● **PROVIDED INFORMATION**:

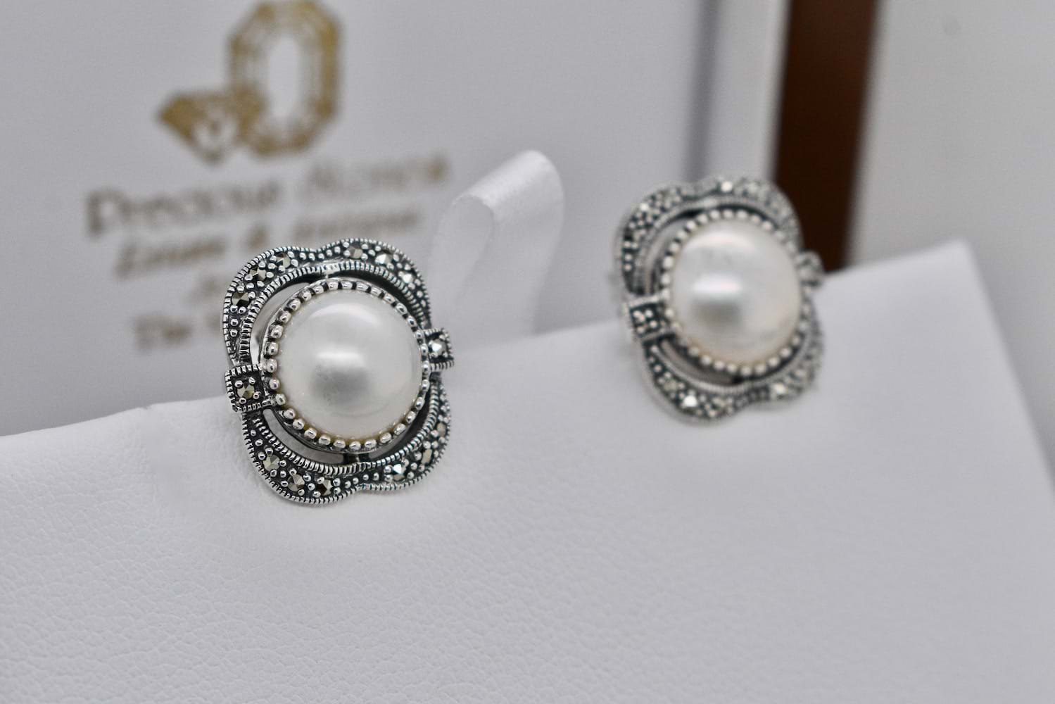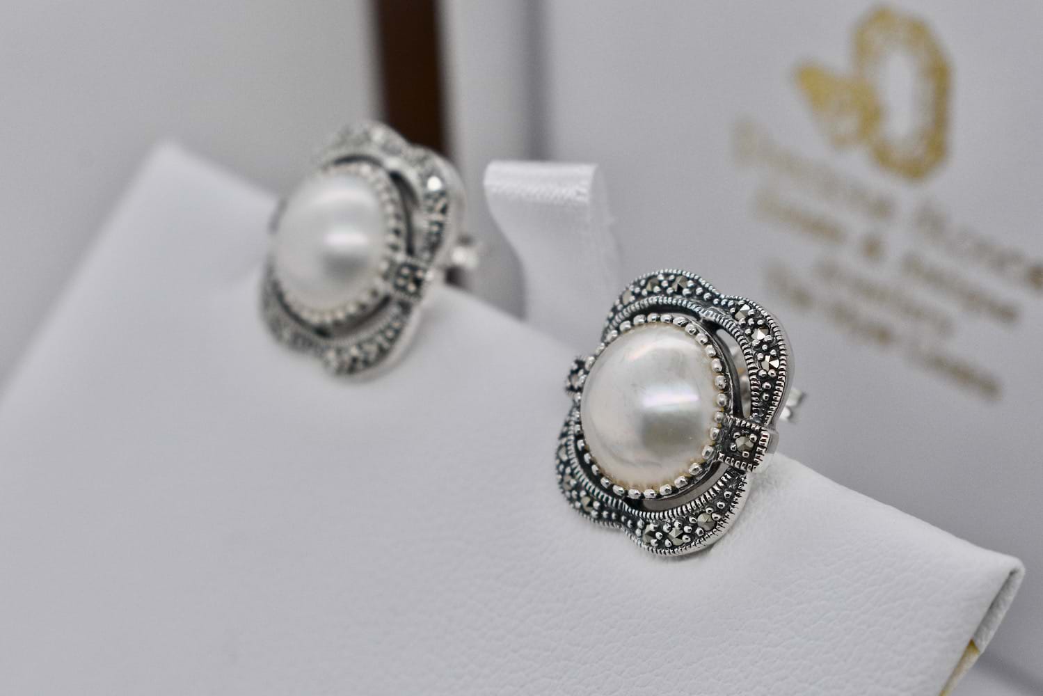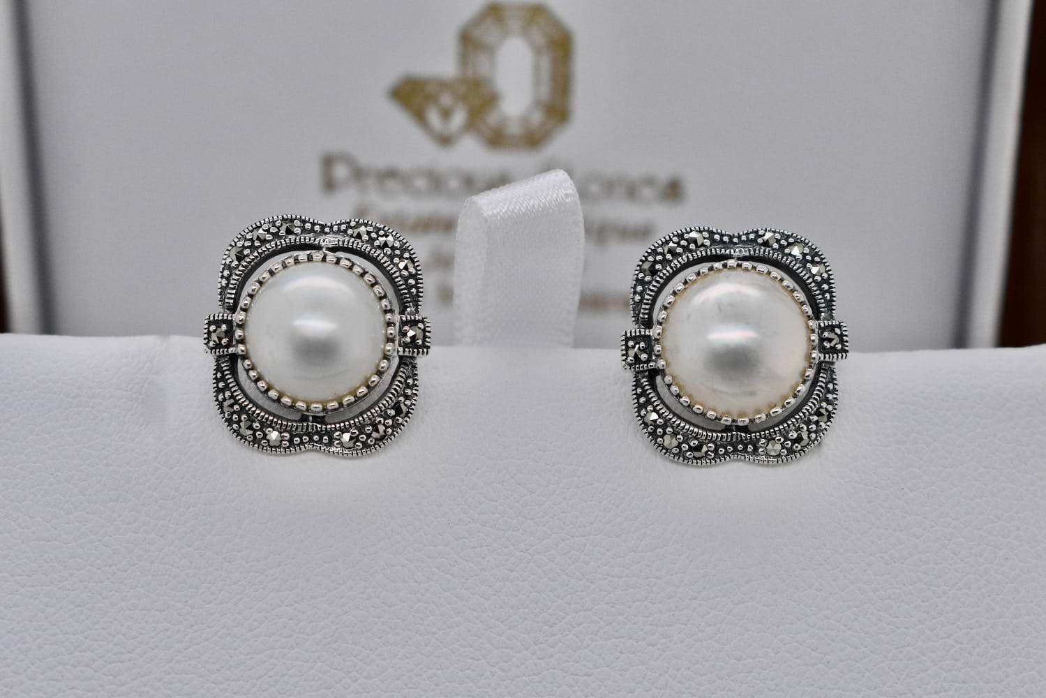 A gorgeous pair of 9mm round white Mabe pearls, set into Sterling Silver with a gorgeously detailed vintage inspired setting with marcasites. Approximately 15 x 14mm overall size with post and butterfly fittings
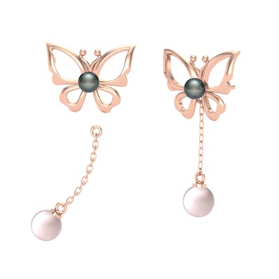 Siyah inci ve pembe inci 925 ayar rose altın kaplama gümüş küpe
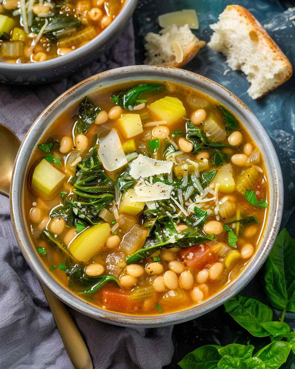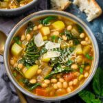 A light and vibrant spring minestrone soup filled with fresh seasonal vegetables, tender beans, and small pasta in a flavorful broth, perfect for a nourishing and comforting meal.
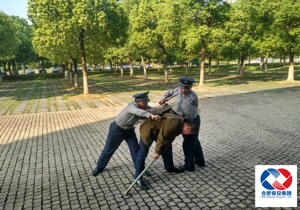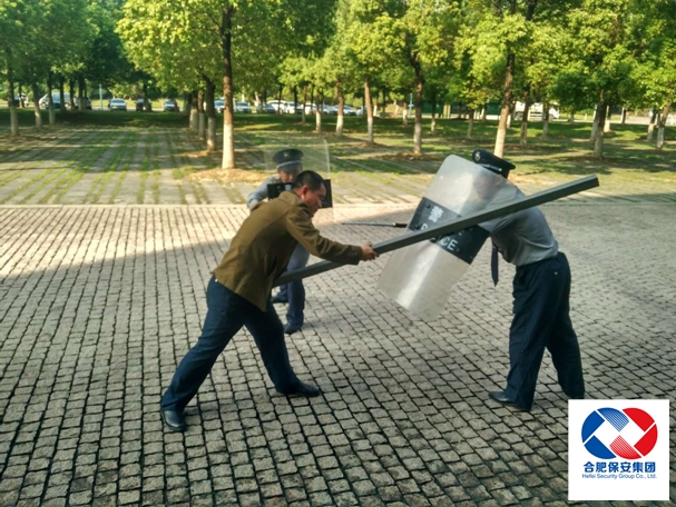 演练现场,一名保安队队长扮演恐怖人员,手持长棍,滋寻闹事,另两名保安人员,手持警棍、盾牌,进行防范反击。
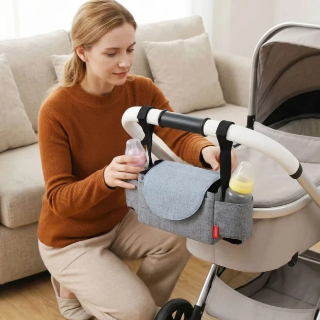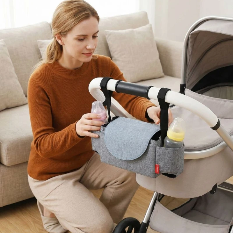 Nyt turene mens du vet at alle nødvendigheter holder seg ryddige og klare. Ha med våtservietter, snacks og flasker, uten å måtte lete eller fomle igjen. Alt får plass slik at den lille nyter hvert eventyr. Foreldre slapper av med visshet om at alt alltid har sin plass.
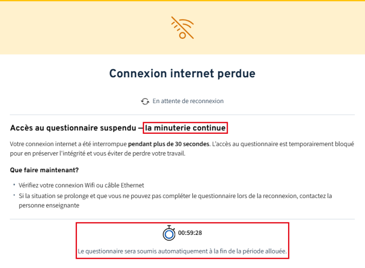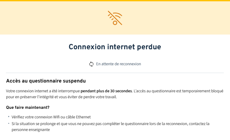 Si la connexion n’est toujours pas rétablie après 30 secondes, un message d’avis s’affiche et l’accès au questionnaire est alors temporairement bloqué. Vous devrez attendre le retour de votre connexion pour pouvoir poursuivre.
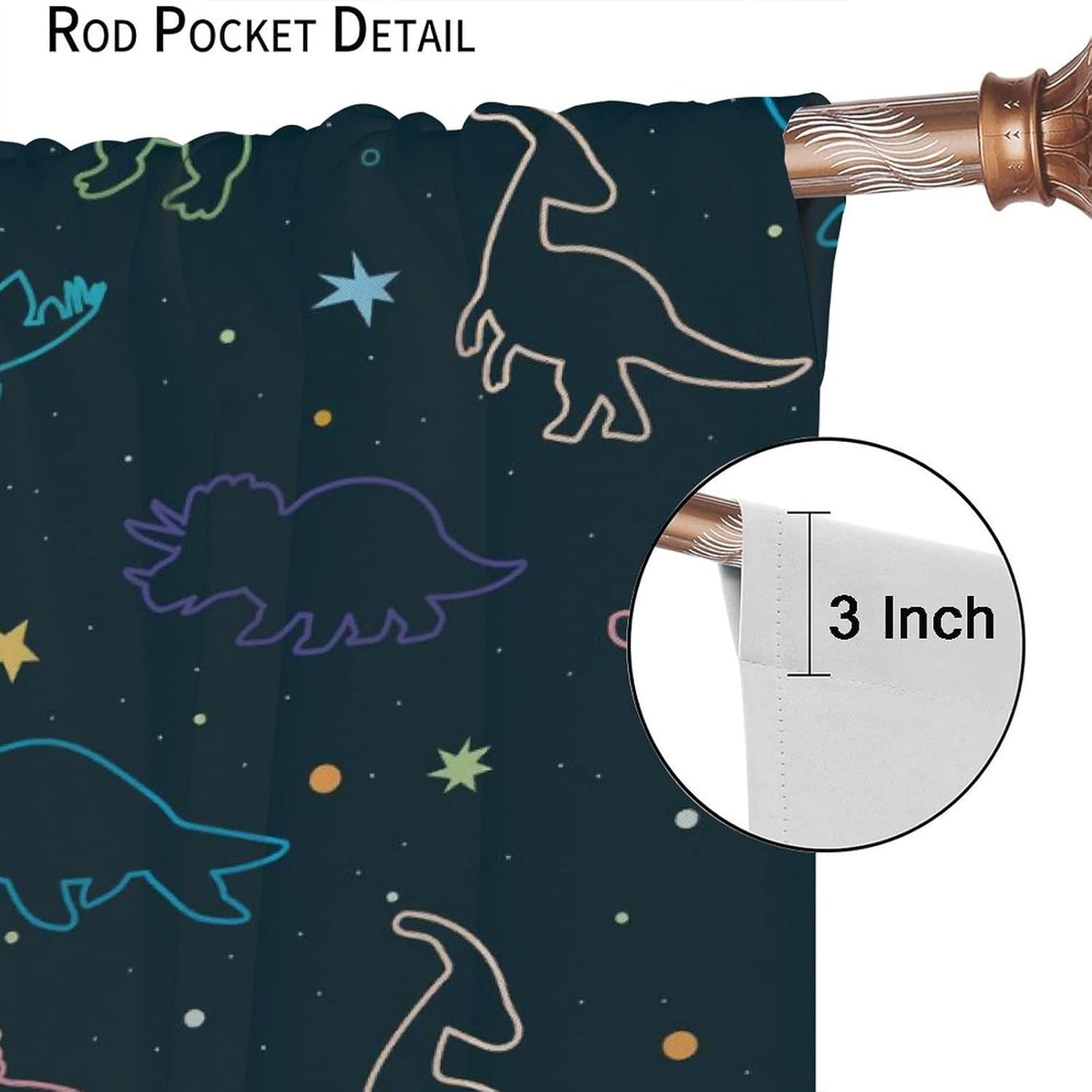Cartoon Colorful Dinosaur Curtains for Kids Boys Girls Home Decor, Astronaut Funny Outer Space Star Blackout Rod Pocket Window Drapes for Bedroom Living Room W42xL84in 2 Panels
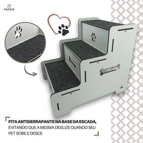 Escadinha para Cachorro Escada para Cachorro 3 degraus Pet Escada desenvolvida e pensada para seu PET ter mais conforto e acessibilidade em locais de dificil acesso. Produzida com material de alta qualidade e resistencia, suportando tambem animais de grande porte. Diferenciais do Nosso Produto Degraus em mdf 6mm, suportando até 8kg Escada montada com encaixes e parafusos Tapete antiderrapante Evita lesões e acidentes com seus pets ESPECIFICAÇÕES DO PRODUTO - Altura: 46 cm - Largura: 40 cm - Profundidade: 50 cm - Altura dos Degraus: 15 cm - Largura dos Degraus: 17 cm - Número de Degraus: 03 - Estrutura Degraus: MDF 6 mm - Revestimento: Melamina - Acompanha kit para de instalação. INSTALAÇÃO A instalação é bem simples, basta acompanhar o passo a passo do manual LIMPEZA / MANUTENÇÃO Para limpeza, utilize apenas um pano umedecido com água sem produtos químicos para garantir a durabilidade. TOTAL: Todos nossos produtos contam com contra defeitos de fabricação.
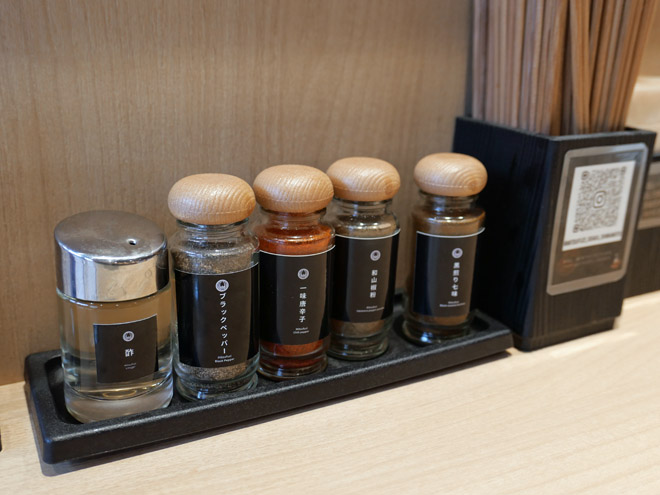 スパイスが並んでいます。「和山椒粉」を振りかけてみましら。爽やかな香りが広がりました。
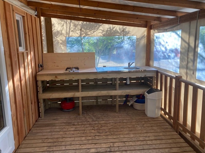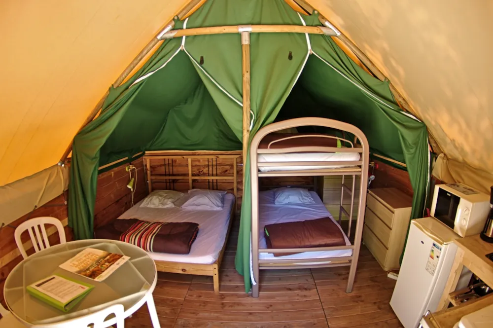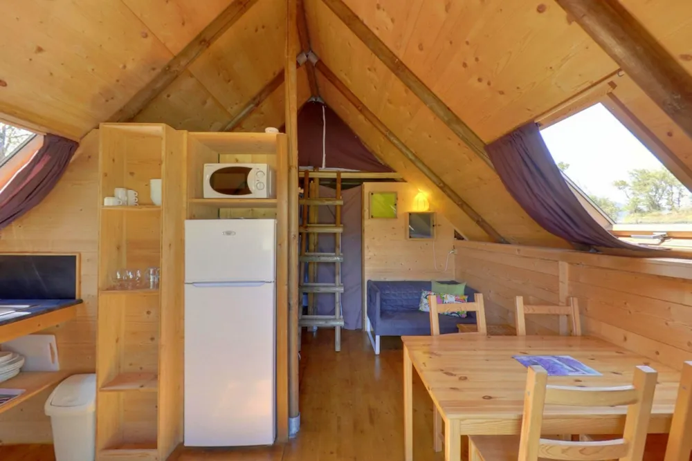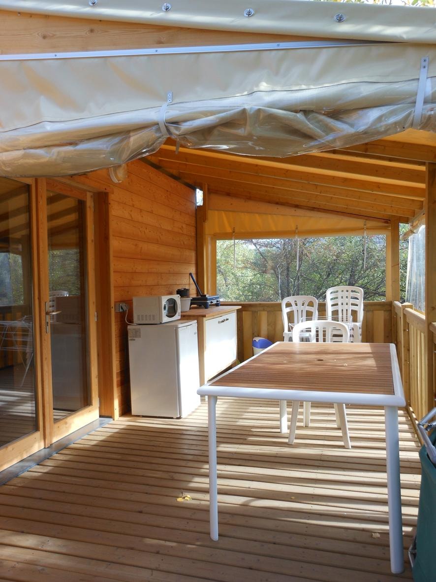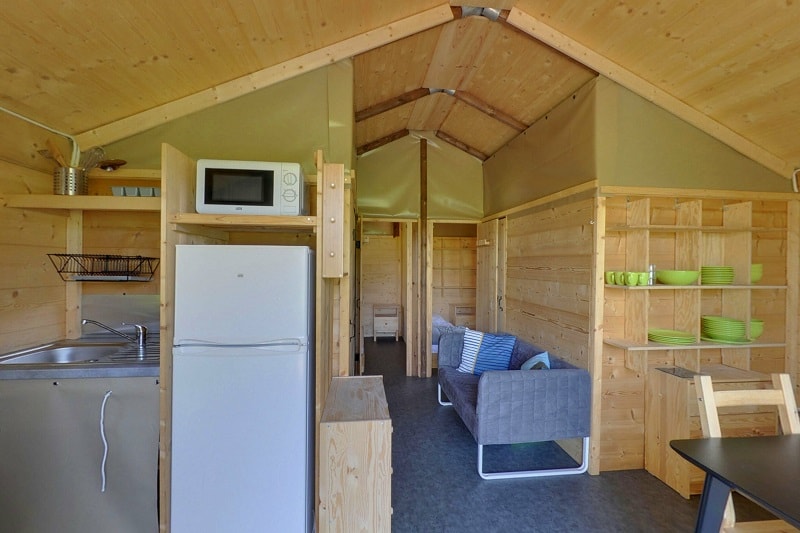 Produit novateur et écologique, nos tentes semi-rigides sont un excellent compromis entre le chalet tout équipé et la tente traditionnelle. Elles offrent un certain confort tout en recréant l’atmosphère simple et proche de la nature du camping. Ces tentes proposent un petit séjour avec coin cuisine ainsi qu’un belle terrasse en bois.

● **THE TASK**: Print the data above from its first line through the line that has "演练现场,一名保安队队长扮演", exactly and with nothing else, omitting pictures.

● **EXERCISE RESPONSE**:
 A gorgeous pair of 9mm round white Mabe pearls, set into Sterling Silver with a gorgeously detailed vintage inspired setting with marcasites. Approximately 15 x 14mm overall size with post and butterfly fittings
 Siyah inci ve pembe inci 925 ayar rose altın kaplama gümüş küpe
 A light and vibrant spring minestrone soup filled with fresh seasonal vegetables, tender beans, and small pasta in a flavorful broth, perfect for a nourishing and comforting meal.
 演练现场,一名保安队队长扮演恐怖人员,手持长棍,滋寻闹事,另两名保安人员,手持警棍、盾牌,进行防范反击。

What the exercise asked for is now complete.